Metabolic problems may also cause seizures. Low blood glucose, or hypoglycemia, is a relatively common and very treatable cause of neonatal seizures. Babies of diabetic mothers, preterm infants and babies who are small for their gestational age are at particular risk of hypoglycemia. A bedside glucose should be checked in any newborn with new-onset seizures, and if low, glucose must be promptly administered. Other metabolic problems that result in seizures include low levels of calcium, high or low levels of sodium or inborn errors of metabolism. Inborn errors of metabolism result from an infant having a critically low level of a particular enzyme that is needed to metabolize a nutrient. Such disorders are more common in certain families (prior child with similar condition), and most commonly present after the 2-3rd day of life with worsening sedation, hiccups, unusual odor, and/or eye movement abnormalities, in addition to seizures. These disorders can be diagnosed through special blood and urine studies. Very rarely, deficiencies in specific vitamins (pyridoxine, pyridoxal-5-phosphate) can result in neonatal seizures.
Other very rare causes of neonatal seizures include brain malformations, drug withdrawal or intoxication and genetic causes (benign familial neonatal seizures). In this latter condition, a particular gene is associated with development of neonatal seizures which then remit spontaneously. There is usually a family history of other family members with neonatal seizures.

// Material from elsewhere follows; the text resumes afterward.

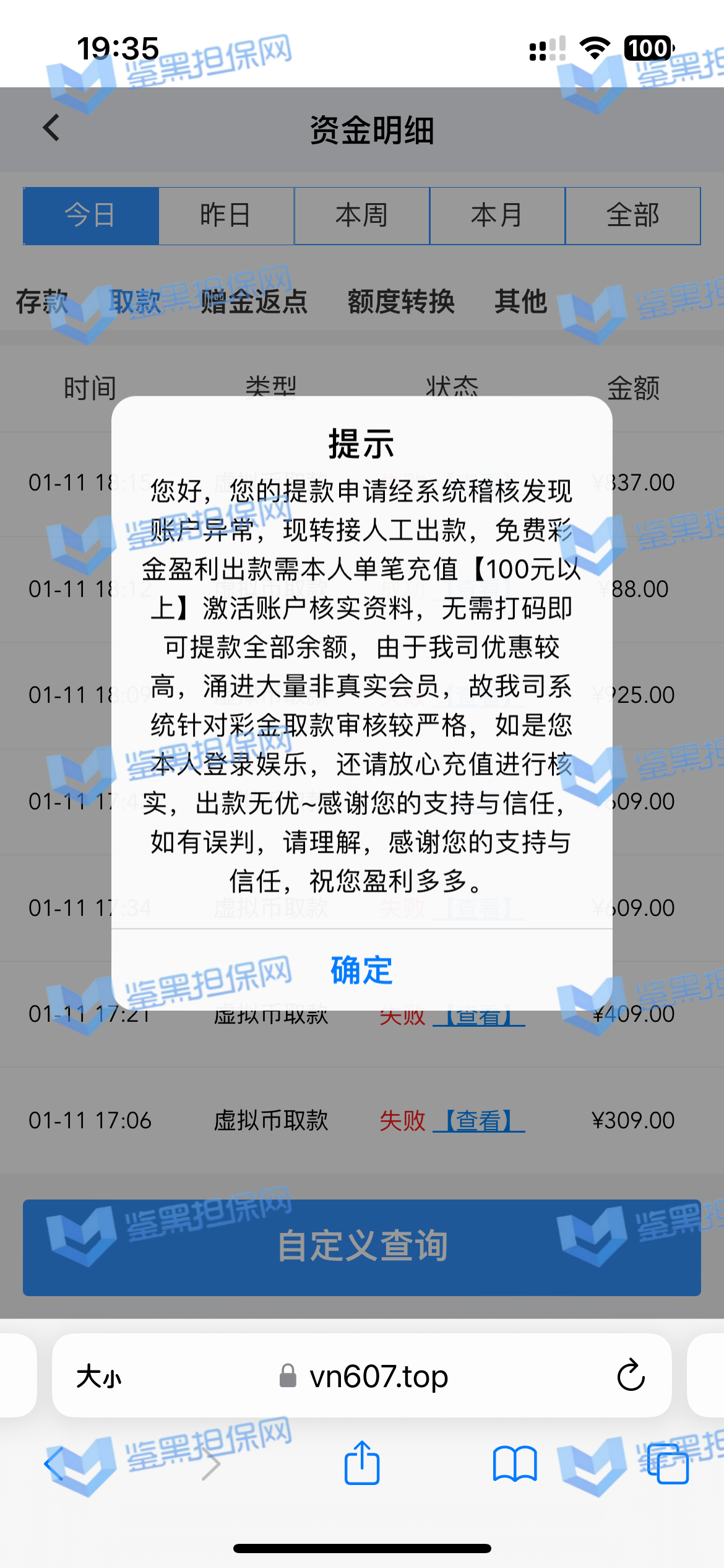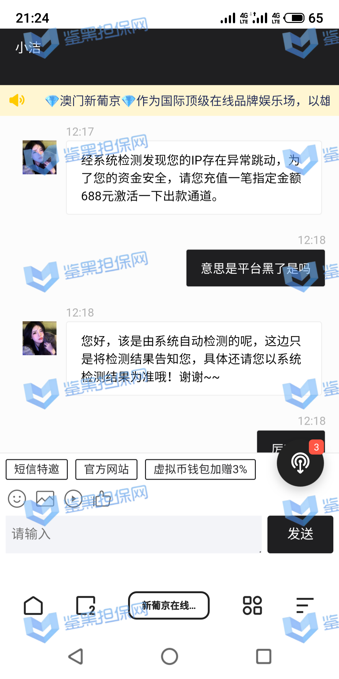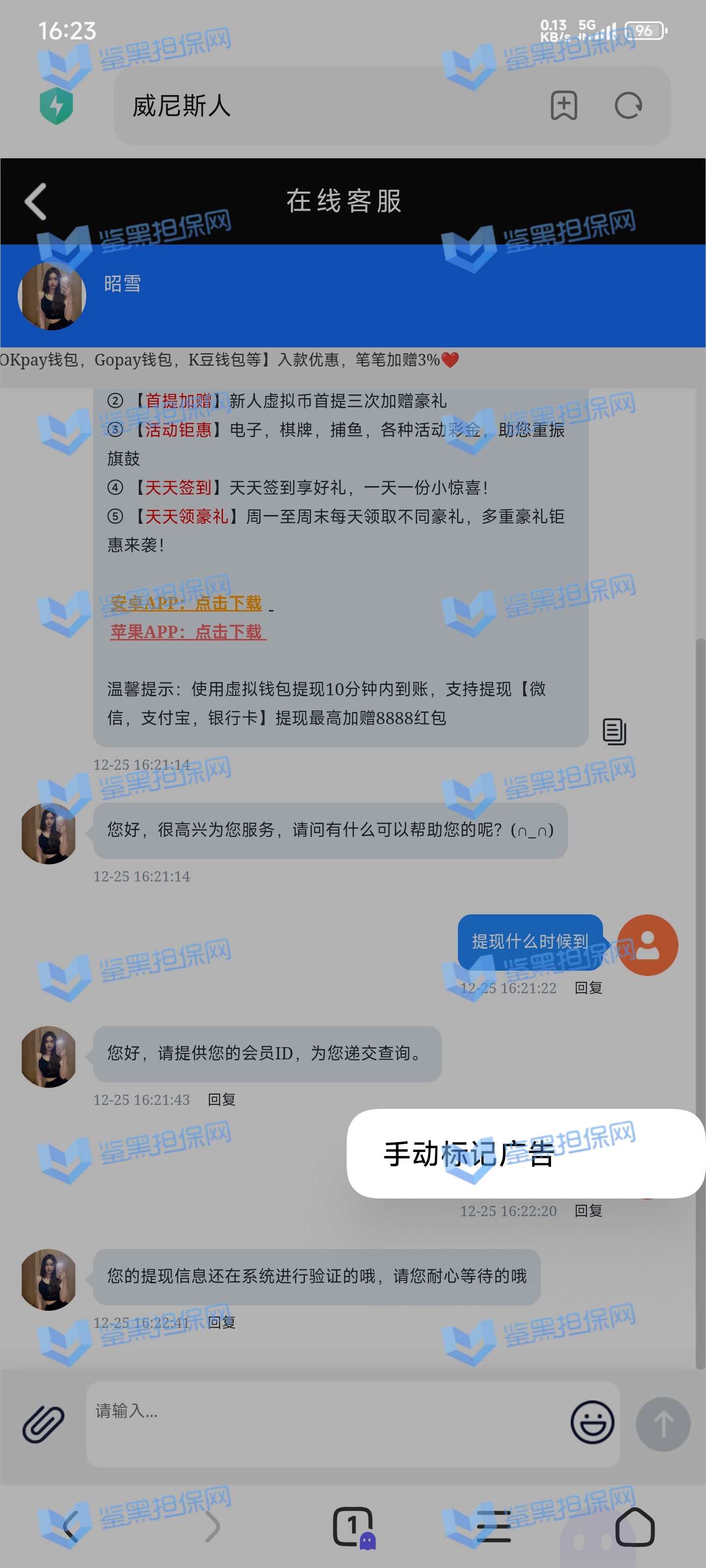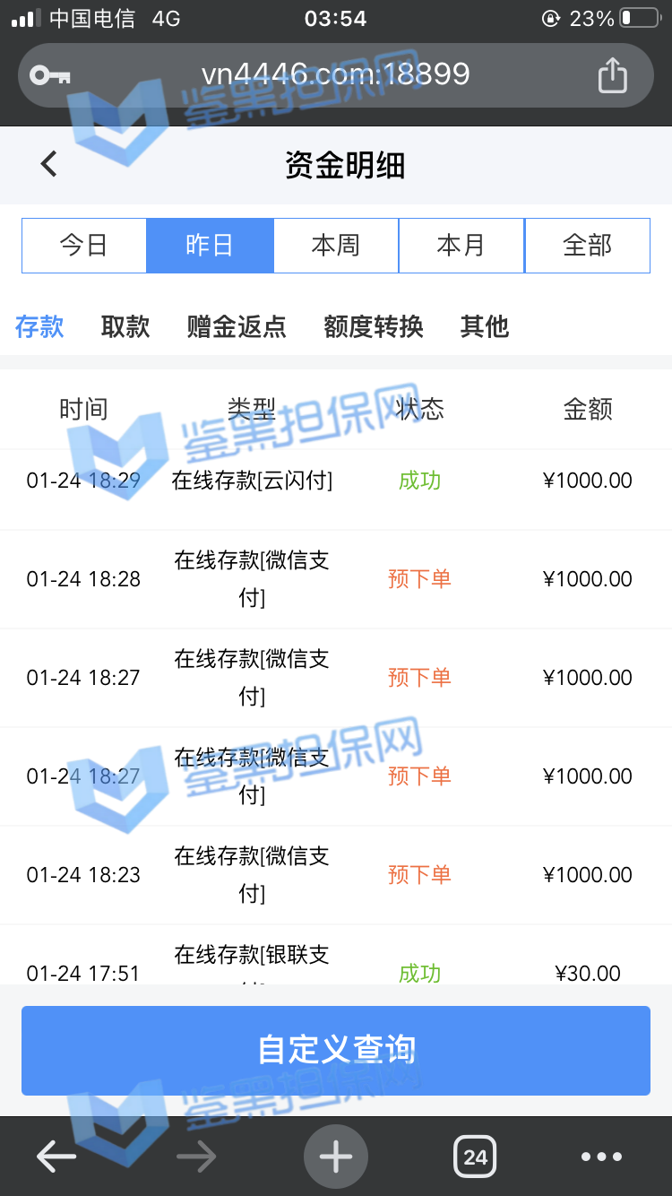 2025年1月23日下午我接到他们客服的电话邀请注册,说最高可以领288的彩金,我觉得这个平台不错挺大气的,就充了500元试试水。 因为他们平台我看是要求一倍流水提现,所以我就打到1300元申请了第一次提现,结果失败了,他们客服说让我打注册彩金288的5倍1440元才能提款,我就去他们指定的PG电子去打流水,当天晚上打够流水以后找他们提款再次失败,又改口说要打够提现余额的1300*5倍=6500元的流水才能提现。从第二次给我退回来以后他们给我后台修改了PG电子的赔率,损失从15%提高到50%,我一算账根本不够,然后我就又去打了百家乐,想着输完就不提,赢了就去刷流水,也是运气好,从1300元梭哈到5000多元,回来刷了一晚上的PG电子,一直到1月24日的中午,才刷够流水。1月23日刷了2000多流水亏了300多,差不多15%的亏损,第二天刷了4000多亏损超过2300元,我也没说什么,想着打够就提现吧。然后1月24日我去申请提现,客服先给我提了个88元,然后再提的时候以不足vip1为由让我继续充值700元到vip1,我又充了700,然后又去申请提现,提现后又给我拒绝了,说要我再充值1000元才能使用钱包收款,这回已经引起我的警觉了,我就和他们客服再三确认,这回充1000一定没问题了吧!他们客服拍着胸脯说百分之百一定能提现,给我保证,我就又充了一千。冲进去以后我申请提现又失败了,理由是资金风控让我再充值余额一半的钱也就是4000多元解除风控(我的资金是工资卡没有任何问题),他们客服就变成了复读机,一直让我继续充值,我说什么都没用,我说刚才不是百分之百能提现成功吗?他们也不理我,说这次百分之百能提成功。所以他们平台是输了钱算我倒霉,赢了钱就开始连环套路骗钱的骗子平台 以下是我经过技术手段查到的该平台的所有域名(我本人是计算机科班出身) 威尼斯人: wn88.vip vn600.top vn601.top vn602.top vn603.top vn604.top vn605.top vn606.top vn607.top vn608.top vn609.top vn610.top wn880.top wn881.top wn882.top wn883.top wn884.top wn885.top wn886.top wn887.top wn888.top wn889.top wn890.top wn891.top wn892.top wn893.top wn894.top wn895.top wn896.top wn897.top wn898.top wn899.top vn4456.com vn4457.com 81157.cc 元大娱乐城(同一个主体运营的另一家平台): yd7575.com yd9568.com yd3637.com yd3690.com yd5748.com yd9928.com yd3657.com yd2234.com yd1238.com yd1239.com yd1237.com yd2235.com yd1230.com yd1236.com yd1235.com

How are Neonatal Seizures Treated?
When treating newborn infants with seizures, it is important to address and treat the underlying cause of the seizures as well as administer an antiepileptic medication to stop the seizures. The most commonly used antiepileptic medication is phenobarbital. However, other options including lorazepam, diazepam, midazolam, fosphenytoin or levetiracetam have also been used. Seizures due to neonatal encephalopathy may be very difficult to control for the first 72 hours, but then often improve. In cases where seizures are very subtle, or subclinical only, EEG monitoring can be very helpful to confirm seizure control has been achieved.
In many neonates with seizures, antiepileptic medications can be stopped, sometimes prior to discharge from the Neonatal Intensive Care Unit, and sometimes after only several months of treatment. In most of these children, seizures will not recur.
What is the Outcome of Babies Who Have Had Neonatal Seizures?
One of the biggest predictors of outcome is the underlying cause of the seizures. Most babies who have only mild-moderate neonatal encephalopathy and babies with subarachnoid hemorrhage do well. The outcome in children with hypoglycemia or brain infections is more concerning, and depends on severity – however approximately half of these infants will do well. Babies who have severe neonatal encephalopathy, or those with an underlying brain malformation usually have long term neurological difficulties which may include ongoing epilepsy, motor problems such as cerebral palsy, and learning problems. The EEG pattern may help in predicting of outcome.